Rabi Tarfon diz: os mamzerim podem se purificar. Como? Um mamzer que desposou uma escrava — o filho é escravo. [Se ele] o libertou, eis que o filho se torna homem livre. Rabi Eliezer diz: eis que este é um escravo mamzer. — Continuando o princípio da mishná anterior — de que o filho de escrava é escravo, seguindo o status materno —, Rabi Tarfon propõe uma via de ‘purificação’ para a linhagem mamzer: se um mamzer se casa com uma escrava, o filho nasce escravo — e um escravo, por definição, não carrega o status de mamzer, já que escravos não têm linhagem (yuchassin) alguma reconhecida pela lei judaica. Se, depois, o dono liberta esse filho, ele se torna um homem livre comum — e, tendo perdido toda ligação de linhagem tanto com a condição de escravo quanto com a de mamzer (pois um liberto é, para efeitos jurídicos, ‘como um recém-nascido’), sua descendência futura já não carrega mais a marca da mamzerut original. Rabi Eliezer discorda frontalmente dessa estratégia: para ele, mesmo depois de libertado, o filho continua sendo tecnicamente um ‘escravo mamzer’ — a alforria não apaga completamente o vínculo original com a linhagem proibida, e a via de purificação proposta por Rabi Tarfon não é reconhecida como eficaz.
Rambam esclarece que Rabi Tarfon não discorda no caso inverso — o de um escravo (não mamzer) que se casa com uma mamzeret —, onde todos concordam que o filho é mamzer, pois escravos não têm linhagem alguma que possa ‘purificar’ a mãe; a disputa existe apenas quando é o mamzer, e não a escrava, quem carrega o status a ser dissolvido. E Rabi Tarfon permite essa estratégia mesmo de início (lechatchilá). Rambam conclui que a halachá segue Rabi Tarfon.
Bartenura confirma que, segundo Rabi Tarfon, um mamzer pode legitimamente, mesmo de início, casar-se com uma escrava com o propósito específico de purificar sua futura descendência — e que a halachá segue Rabi Tarfon. Acrescenta que mesmo Rabi Tarfon concorda que, no caso inverso — um escravo comum que se casa com uma mamzeret —, o filho é mamzer, pois o escravo não tem linhagem alguma capaz de neutralizar o status materno.

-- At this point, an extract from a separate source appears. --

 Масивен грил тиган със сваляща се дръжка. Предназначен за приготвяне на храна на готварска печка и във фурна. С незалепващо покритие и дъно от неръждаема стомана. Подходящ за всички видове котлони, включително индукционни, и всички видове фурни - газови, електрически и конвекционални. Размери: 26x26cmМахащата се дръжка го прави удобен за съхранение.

Rashi explica que a proposta de Rabi Tarfon visa especificamente livrar a futura descendência do próprio status de mamzer, não do escravo em si: o filho nascido da união com a escrava é escravo, e não mamzer, exatamente porque segue o status materno; uma vez libertado, ele se torna um homem livre comum, apto a se casar com qualquer filha de Israel — rompendo definitivamente a cadeia de mamzerut. Sobre a posição contrária de Rabi Eliezer, Rashi observa que a Guemará traz e discute o fundamento pelo qual, para ele, mesmo depois de liberto, o filho continua carregando o status técnico de ‘escravo mamzer’.

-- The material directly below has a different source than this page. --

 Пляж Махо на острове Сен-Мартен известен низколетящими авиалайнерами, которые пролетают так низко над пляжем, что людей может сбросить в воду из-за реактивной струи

Com esta mishná encerra-se o Perek Guimel de Massechet Kidushin — treze mishnayot dedicadas aos casos mais complexos de kidushin condicional (tenaim), ao kidushin por agente, às declarações do pai sobre a filha menor, e à extensa mishná sobre a linhagem do filho segundo a validade e a licitude da união dos pais (3:12), com sua disputa final sobre a purificação da descendência mamzer. O tratado prossegue no Perek Dalet, o último de Massechet Kidushin, com a presunção de linhagem, as famílias que subiram da Babilônia, e os ofícios recomendados e desaconselhados.